Gottlieb Schumacher (21 November 1857 – 26 November 1925) was an American-born civil engineer, architect and archaeologist of German descent, who was an important figure in the early archaeological exploration of Palestine.

==Early life==
Schumacher was born in Zanesville, Ohio, where his parents had immigrated from Tübingen, Germany.

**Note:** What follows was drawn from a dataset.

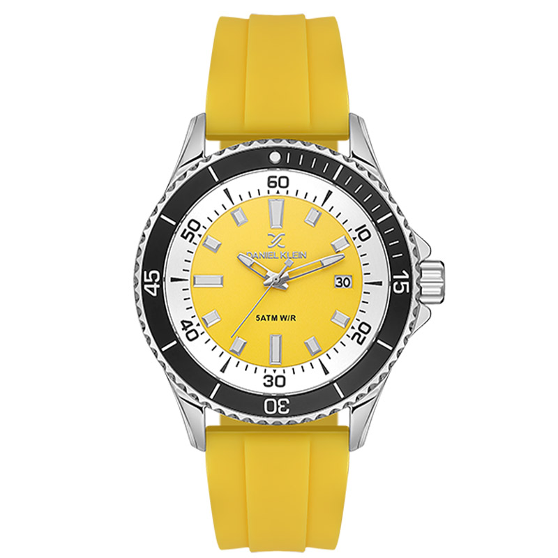 ساعت مردانه دنیل کلین زرد Daniel Klein DK.1.13683-3 یک ساعت مچی اسپرت با بند زرد روشن است. صفحه ساعت نیز زرد رنگ میباشد و اعداد و عقربههای ساعت به رنگ سفید و مشکی هستند که به وضوح قابل مشاهده هستند. دور قاب ساعت زه مشکی رنگ قرار دارد. قاب ساعت فلزی و براق است و عقربههای ساعت به رنگ نقرهای و مشکی هستند. بند ساعت از جنس رابر و به رنگ زرد است که با صفحه ساعت همخوانی دارد. این مدل دنیل کلین ضد آب تا عمق 50 متر میباشد.

His father, Jacob Schumacher, was a member of the Temple Society, a German Protestant sect which in the 1860s established the German Colony in Haifa, Palestine. In 1869, Jacob Schumacher settled with his family in the Templer colony, where he became the chief architect and builder.

==Career==
===Engineer, surveyor and architect===
Gottlieb studied engineering in Germany, and then returned to Palestine in 1881.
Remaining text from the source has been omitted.